__Action item__
Reproduce only the lines below from the line containing "Die an der Außenwand" to the line containing "A teacher helps", exactly as written, with both end lines kept. Omit the pictures.

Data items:
<<<<

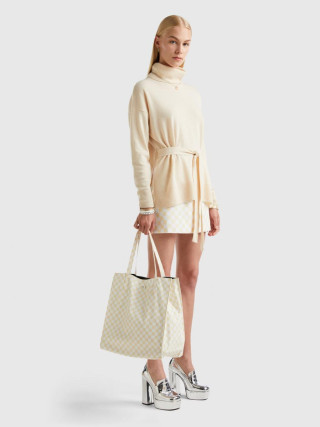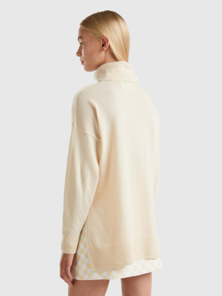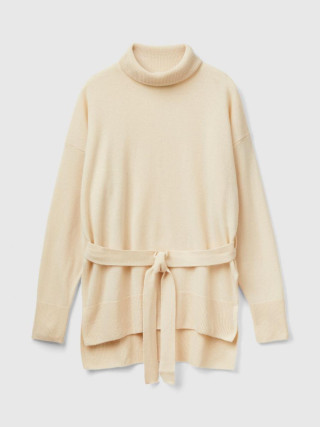 Benetton ženska rolka od mešavine vune. Dugi rukavi sa spuštenim ramenima, bočnim prorezima i pojasom sa čvorovima napred i pozadi. Chic i ženstveno.
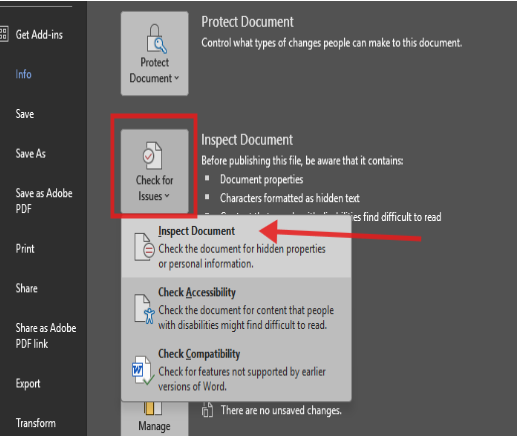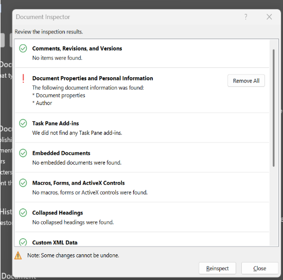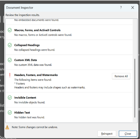 - The small Document Inspector window will pop-out, press 'Inspect' button:
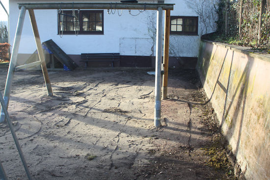 Die an der Außenwand des Gemeindehauses zu sehende Metallkiste beherbergt noch die bisherigen Gasflaschen und wird wegfallen. Rechts sieht man vor der Stützmauer noch den Grünstreifen, der aus optischen und aus Sicherheitsgründen weg muss.
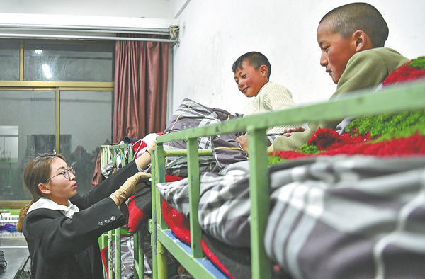 A teacher helps pupils get their beds ready. FEI MAOHUA/JIGME DORJE/XINHUA
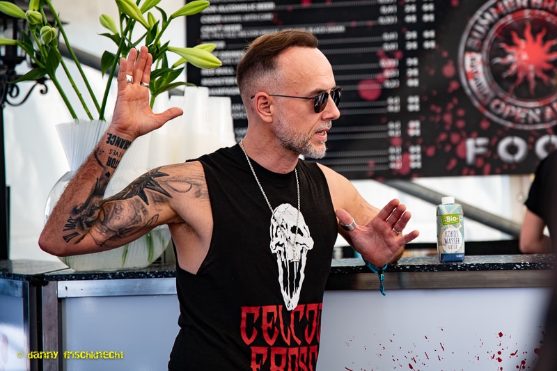Ganz gepflegt in der Artist Area von den Eigenkreationen gekostet und sich mit Nergal und Co. locker unterhalten – so darf das auch mal sein.
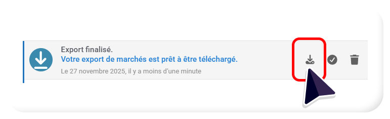 • Depuis vos « Notifications », vous êtes ensuite en mesure de télécharger votre fichier XLSX :
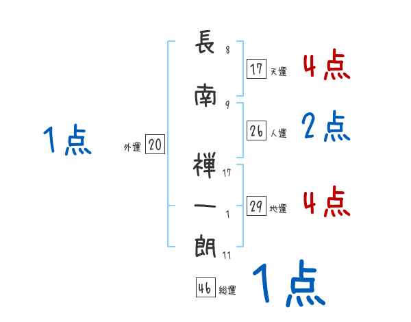 天運![]() | 長南禅一朗さんの天運は17画の4つ星!積極的な行動力。地位を気づき財産を手に入れる。純粋な心と直感力。 家系が持つ宿命的な運勢を表します。祖先から受け継いだ苗字ですので自分の力が及びません。家柄を象徴します。 |

>>>>

__Answer for the task__
 Die an der Außenwand des Gemeindehauses zu sehende Metallkiste beherbergt noch die bisherigen Gasflaschen und wird wegfallen. Rechts sieht man vor der Stützmauer noch den Grünstreifen, der aus optischen und aus Sicherheitsgründen weg muss.
 A teacher helps pupils get their beds ready. FEI MAOHUA/JIGME DORJE/XINHUA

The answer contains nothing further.